◆ **Problem to work on**
Transcribe the entries below exactly, starting with the line that has "Das Paradies für" and stopping after the line that has "console.log(greedyChange([500, 100, 50, 10], 1260));"; no pictures belong in the copy.

:: Dataset entries

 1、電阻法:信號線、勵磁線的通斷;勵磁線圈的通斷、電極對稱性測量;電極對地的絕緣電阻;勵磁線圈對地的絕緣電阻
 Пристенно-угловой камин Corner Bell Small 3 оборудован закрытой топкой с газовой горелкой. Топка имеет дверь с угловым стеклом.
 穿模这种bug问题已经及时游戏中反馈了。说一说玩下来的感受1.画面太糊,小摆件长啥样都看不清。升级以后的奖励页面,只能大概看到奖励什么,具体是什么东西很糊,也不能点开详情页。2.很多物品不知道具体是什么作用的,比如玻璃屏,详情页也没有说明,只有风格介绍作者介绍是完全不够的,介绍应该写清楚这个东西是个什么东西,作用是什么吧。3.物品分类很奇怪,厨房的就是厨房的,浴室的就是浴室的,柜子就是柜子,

::::
:: Dataset entries

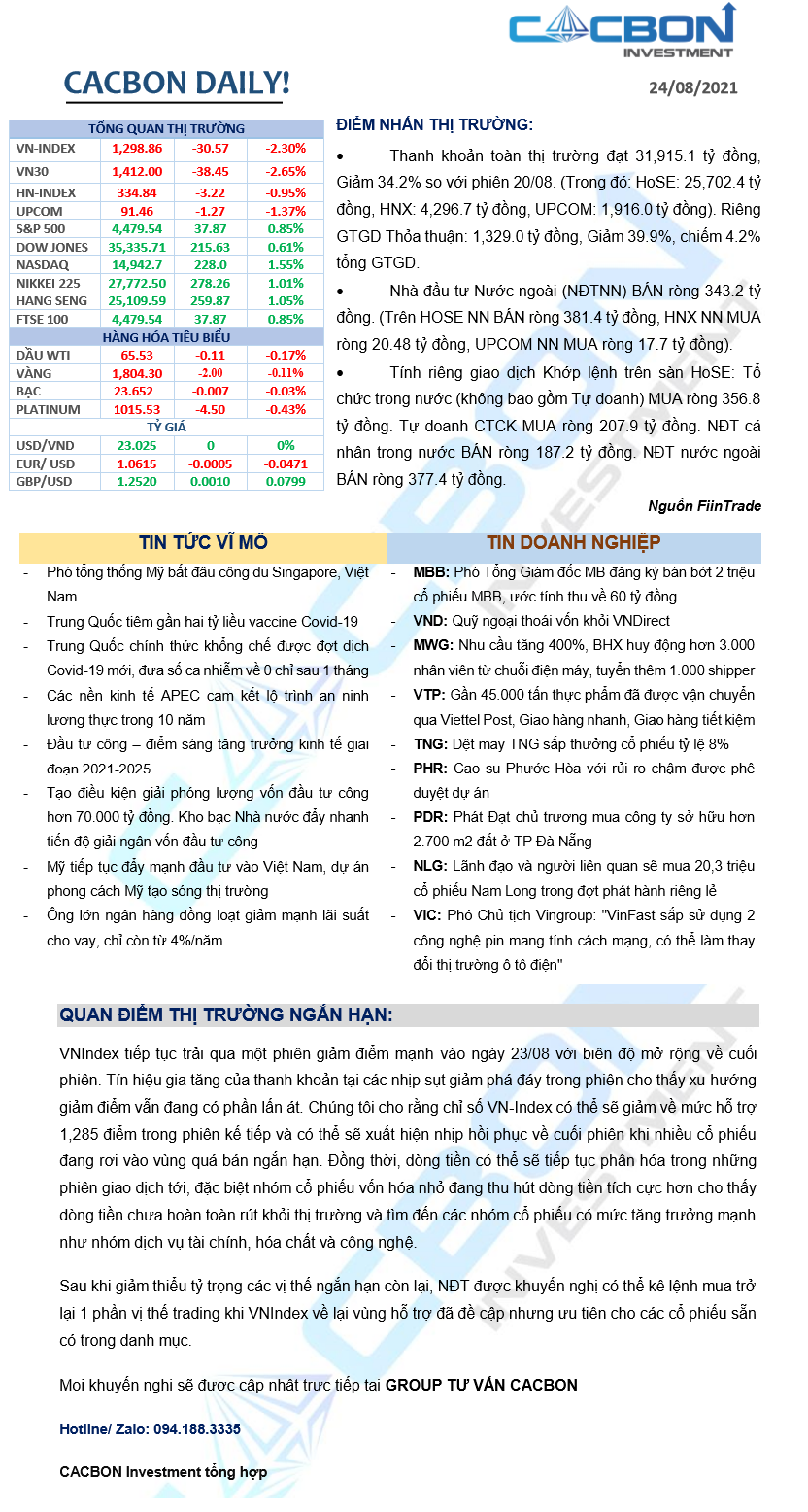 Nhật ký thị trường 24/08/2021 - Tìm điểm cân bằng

::::
:: Dataset entries

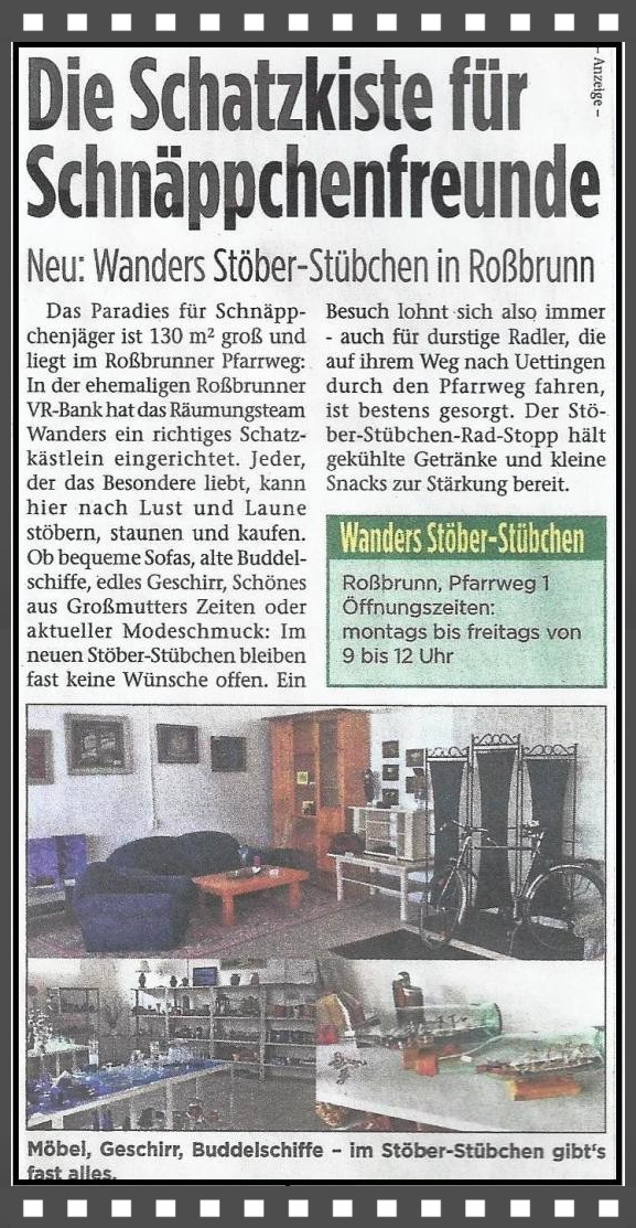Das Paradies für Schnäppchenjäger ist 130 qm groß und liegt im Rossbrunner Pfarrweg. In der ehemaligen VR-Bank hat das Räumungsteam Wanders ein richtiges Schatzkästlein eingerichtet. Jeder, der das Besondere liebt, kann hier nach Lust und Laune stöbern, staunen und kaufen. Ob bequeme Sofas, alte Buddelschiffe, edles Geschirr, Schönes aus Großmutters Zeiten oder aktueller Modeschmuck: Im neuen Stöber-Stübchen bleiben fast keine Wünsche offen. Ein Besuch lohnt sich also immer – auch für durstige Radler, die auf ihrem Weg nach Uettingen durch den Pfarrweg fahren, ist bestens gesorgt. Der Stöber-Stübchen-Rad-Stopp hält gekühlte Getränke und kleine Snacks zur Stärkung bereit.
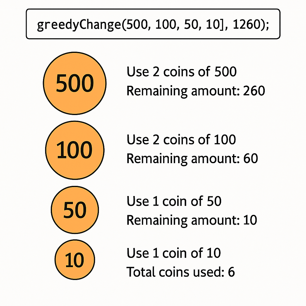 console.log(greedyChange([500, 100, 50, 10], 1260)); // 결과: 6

::::

◆ **Exercise response**
Das Paradies für Schnäppchenjäger ist 130 qm groß und liegt im Rossbrunner Pfarrweg. In der ehemaligen VR-Bank hat das Räumungsteam Wanders ein richtiges Schatzkästlein eingerichtet. Jeder, der das Besondere liebt, kann hier nach Lust und Laune stöbern, staunen und kaufen. Ob bequeme Sofas, alte Buddelschiffe, edles Geschirr, Schönes aus Großmutters Zeiten oder aktueller Modeschmuck: Im neuen Stöber-Stübchen bleiben fast keine Wünsche offen. Ein Besuch lohnt sich also immer – auch für durstige Radler, die auf ihrem Weg nach Uettingen durch den Pfarrweg fahren, ist bestens gesorgt. Der Stöber-Stübchen-Rad-Stopp hält gekühlte Getränke und kleine Snacks zur Stärkung bereit.
 console.log(greedyChange([500, 100, 50, 10], 1260)); // 결과: 6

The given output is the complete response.